I can see the individual cell voltages but can’t access it as they are a sealed box.

I have attached screenshots of the voltages of each cell. The difference between cells isn’t massive!

 

[GXMnow]

The 12 mv difference is not bad, and the alarm is now on the total pack voltage. When you took those images, the highest cell was only at 3.396 volts. That is well below the 3.55 volts you said you set for the over voltage protection. 50.86 volts total would be 3.391 per cell if they were all balanced. With a spread of 0.012 volts, you are right there.

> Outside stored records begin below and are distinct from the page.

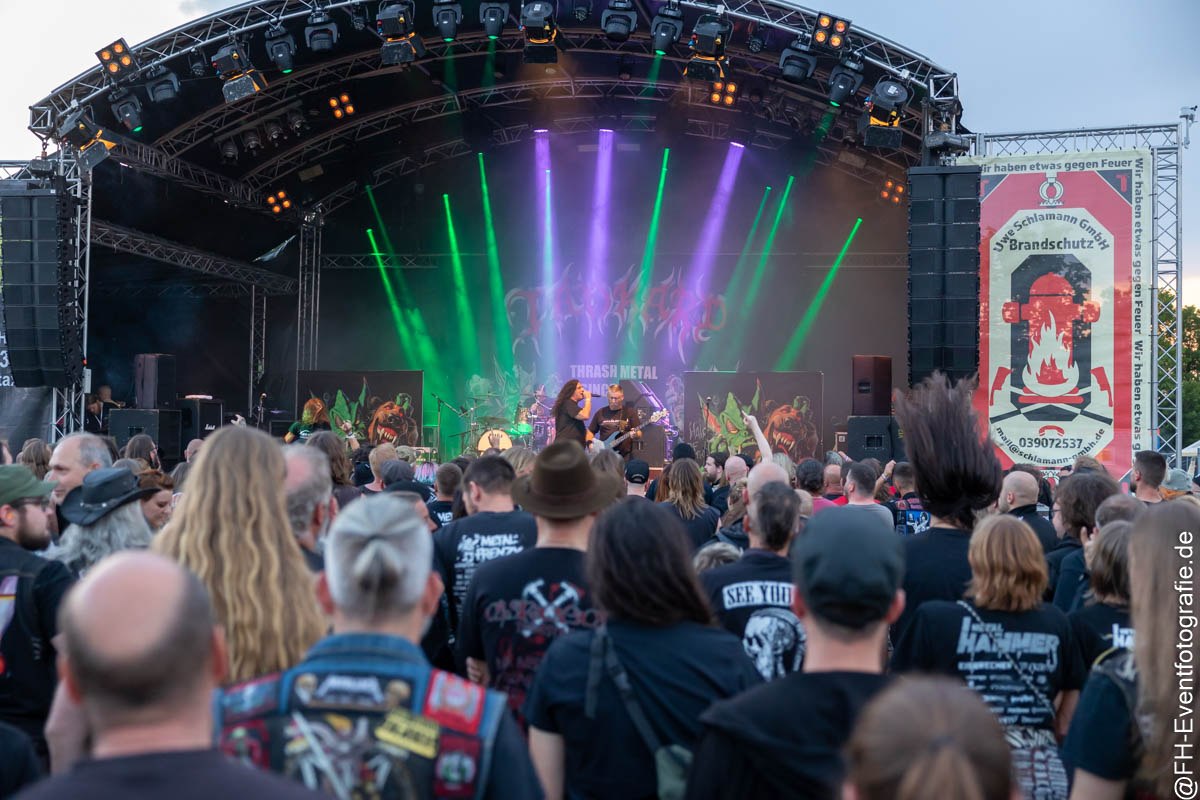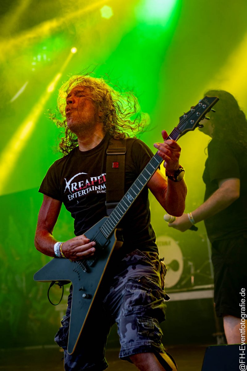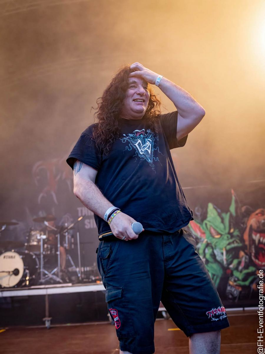 So nun wieder zu den Bands. Den nun wird es genremäßig noch etwas Adeliger. Die Thrasher vorm Herrn, die die mit, wegen und wegen des Biers ihre Musik machen und so legendär sind, stehen auf der Bühne. TANKARD ist da und sie sind einfach das, was sie sind und schon immer wahren. Einfach geil zum Feiern. Lassen wir Mal schauen, wann die Biervorräte zur Neige gehen.
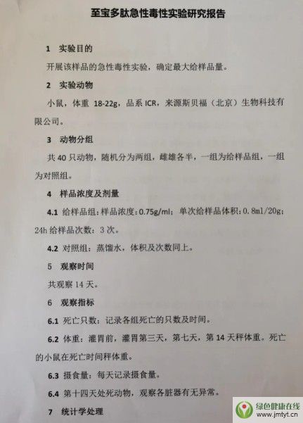 至寶多肽急性毒性實驗[斯貝福(北京)生物科技有限公司]
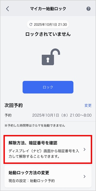 - 「解除方法、暗証番号を確認」をタップ
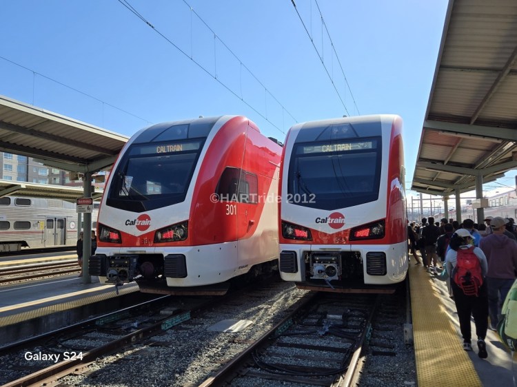 New Caltrain EMUs in San Francisco, CA.

All I can say at this point is try running it for a few cycles with the charger bulk/absorb voltage set down to 50.5 volts and the float down to 50.00 and se if it can run without throwing errors. Also set the low voltage cut off on the inverter to about 46.5 volts. That is still 3.1 volts per cell, so it should stay above the worst of the lower knee. 80% of the energy in LFP cells is between 3.15 and 3.4 volts per cell. With 15 cells, that is a running range between 47.25 and 51 volts. Dropping the top down to 50.5 is only costing you about 2% of th battery capacity, if it is able to stop the battery shut off. Can you double check the single cell protection values? You should have no issues going to 3.6 volts for the shut off, but still have the warning at 3.5 so it will warn you of imbalance, but not shut off. Up to 3.65 is okay for a while, we just don't want to keep them up there for a long time. Once it has done the absorb charge cycle, we want the float voltage down to under 3.4 volts per cell.